The novelization of the major motion picture “Gondos,” serialized every Wednesday and Thursday. For more information and to get caught up, click here.
PREVIOUSLY…
With the Venice Biennale’s closing weekend in full swing, the Magistrate of the Waters—city official and former teen pop starlet Alessia Barbarigo—sought reassurance from ELAINE that whatever problem the company had covered up at the Rialto was now under control. But sniffing around Lopez’s office, Barbarigo caught a whiff of something…fishy…and immediately phoned gondolier captain Dino Simonetti to report, “They’ve returned.”
Meanwhile, Millie, Guy and Benny rode into Venice on the gondos to battle the schifosi—which Guy dubbed “skeefs.” After fanning through the canals in the dark of night, each suddenly heard a far-off sound: the herd rushing into the city from the sea…
Far out of sight
, a great rush of life was hurtling through the mouth of the Grand Canal, churning up a wake of dirty water and foam as it traveled upstream.
The migration advanced with the force of some terrible machine. The animals streaked beneath bridges, curled around bends. At the gondolier station in front of the opulent Gritti Palace Hotel, the array of tall, colorfully striped pylons suddenly exploded into the air—snapped off at their bottoms and blasted skyward by the creatures, who collided with the wooden posts underwater and plowed straight through.
Floating in front of the Marco Polo house, deep in one of Venice’s watery back alleys, Millie heard this far-off clamor get louder and louder—then eventually peak and recede. The herd must have coursed through one of the larger canals nearby and kept going.
In the stark silence that resumed, Millie scanned the slender canal ahead of her. The scene was like one of the paintings artists sold to tourists in Piazza San Marco. Small boats lined each side of the canal, motionless in the shadows, moored for the night. Laundry hung on a slumping line across the water.
Bing.
A bell.
Far down the canal, at the very limit of Millie’s vision in the dark, a small, green wooden rowboat rocked just enough for the bronze bell on its prow to ring softly, one time.
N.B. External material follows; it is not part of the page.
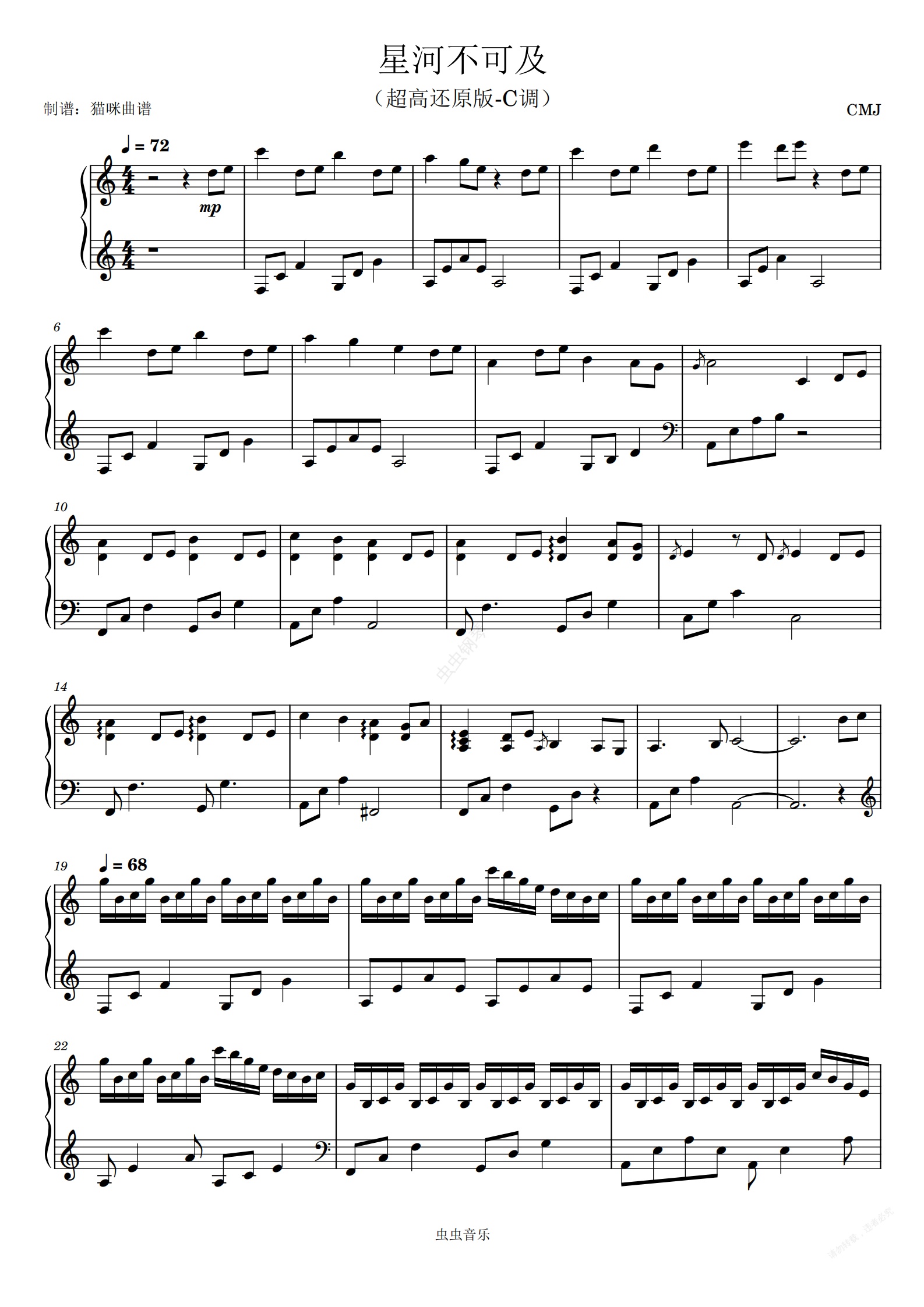 钢琴谱:星河不可及(超高还原版-C调)

She could only assume this was the last, faint motion of the passing stampede’s wake. She watched small ripples travel toward her off the jiggling rowboat, kiss the neck of her gondo and expire.
Bing.
The ringing was louder this time. The rowboat rocked harder, scraping the stucco wall where it was moored.
Bong.
Another bell, on the larger boat parked just in front of it.
Then the dinghy in front of that one.
Bing. Bong. Clang.
And the next boat, closer to Millie.
And the small, flat barge ahead of it, which shuddered so violently that its front corner hopping partway out of the water and splashed down hard.
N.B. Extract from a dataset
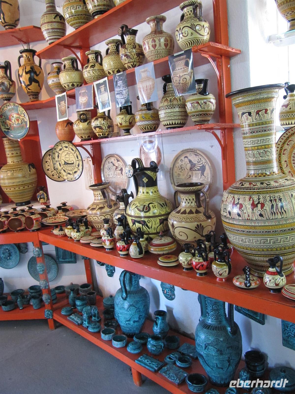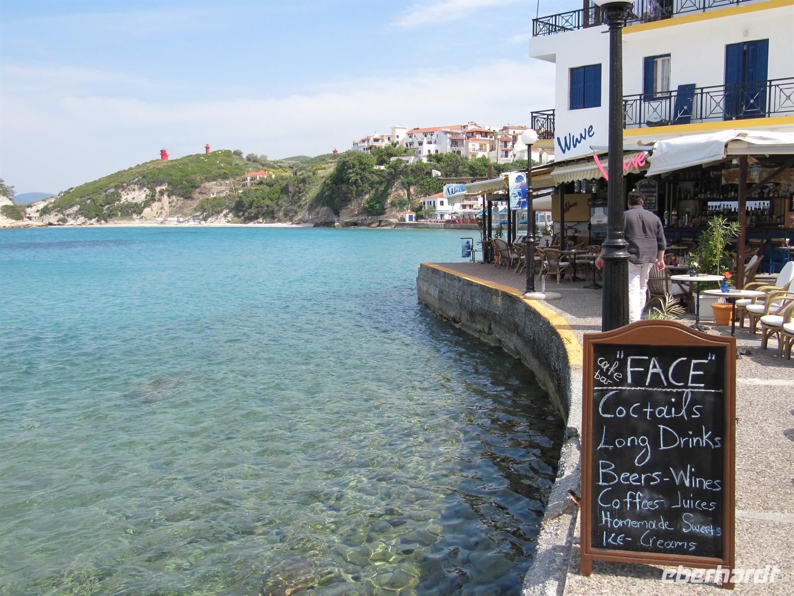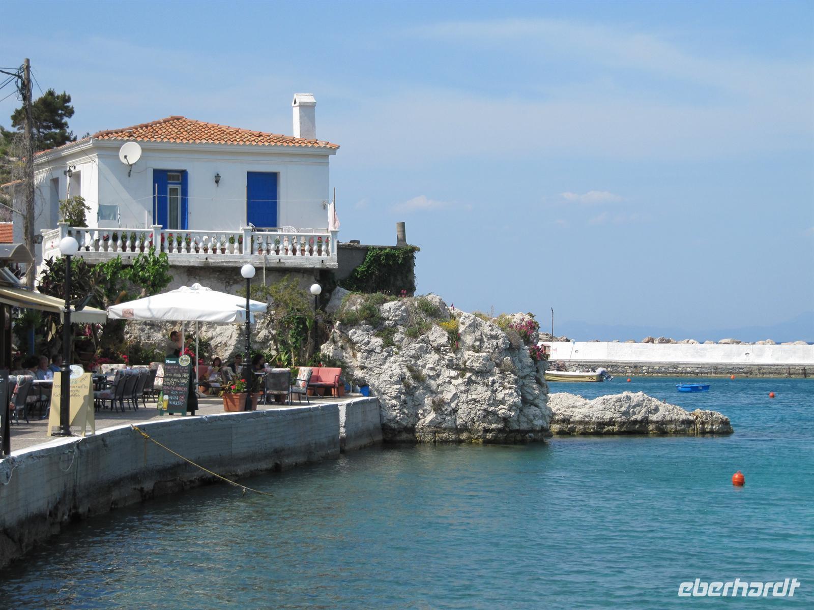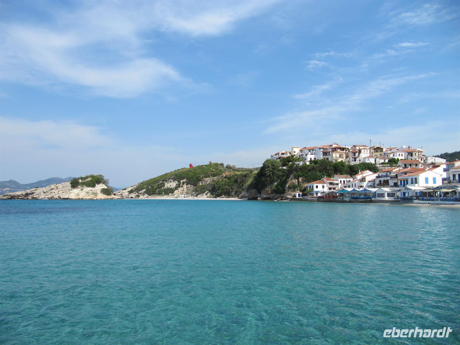 Weinberge, Olivenhaine und bunte Blumenwiesen haben wir einen fantastischen Blick auf die Küste. Weiter führt uns der Tagesverlauf nach Karlóvassi, wo wir einer Keramikwerkstatt einen Besuch abstatten. Eine Handwerkerin zeigt uns ihr Geschick und töpfert vor uns zunächst einen Pythagorasbecher und anschließend einen Serviettenhalter. Der Pythagorasbecher ist typisch auf Samos. Dieser Becher leert sich schlagartig, wenn er über ein gewisses Maß gefüllt wird. Er soll für Gerechtigkeit sorgen und uns lehren mit Maß zu trinken. Zu Mittag essen wir heute in der familiär geführten Fischtaverne in Potamí. Bei einem Gläschen Weißwein lassen wir es uns in aller Ruhe schmecken. Gut gestärkt starten wir in den Nachmittag. Simeon möchte uns gerne Kokkári zeigen, wie er selber sagt einer der schönsten Orte des ägäischen Meeres! Wir finden, dass unser lieber Reiseleiter Recht hat, Kokkári ist wirklich unvergleichbar schön. Hier verbringen wir einen wunderschönen Nachmittag und schlendern entlang der Hafenpromenade und durch schmale romantische Gassen. Die Strände sind hier himmlisch und der griechische Kaffee schmeckt bei solch einer schönen Aussicht auf den kleinen Hafen besonders gut! Träumend von all den schönen Erlebnissen unseres Sommertages auf Samos begeben wir uns zurück zu unserem Hotel. Wir kommen am späten Nachmittag an und haben noch ausreichend Zeit uns an den Strand zu legen. Hier vergisst man alle Sorgen und kann sich richtig entspannen. Den Abend lassen wir gemeinsam bei einem schmackhaften Abendessen im Restaurant des Hotels ausklinken.

More boats were waggling wildly in the water now, as the disturbance got stronger, closer, moving through the black canal. The surface was roiling, sloshing like a tub. A cacophony of bells and banging overlapped.
Millie scrambled to power up her gondo. Suddenly, a brawny arm breached the surface, extending straight up. And then a second bolted forward, straight at Millie’s legs.
She swung her gondo sideways to dodge it, nearly tossing herself in the water, and screamed. But the sound of her voice was instantly buried under a long burst of thunder: Guy Rondack blazing into the little canal in his gondo, firing furiously at the water between him and her, just in time.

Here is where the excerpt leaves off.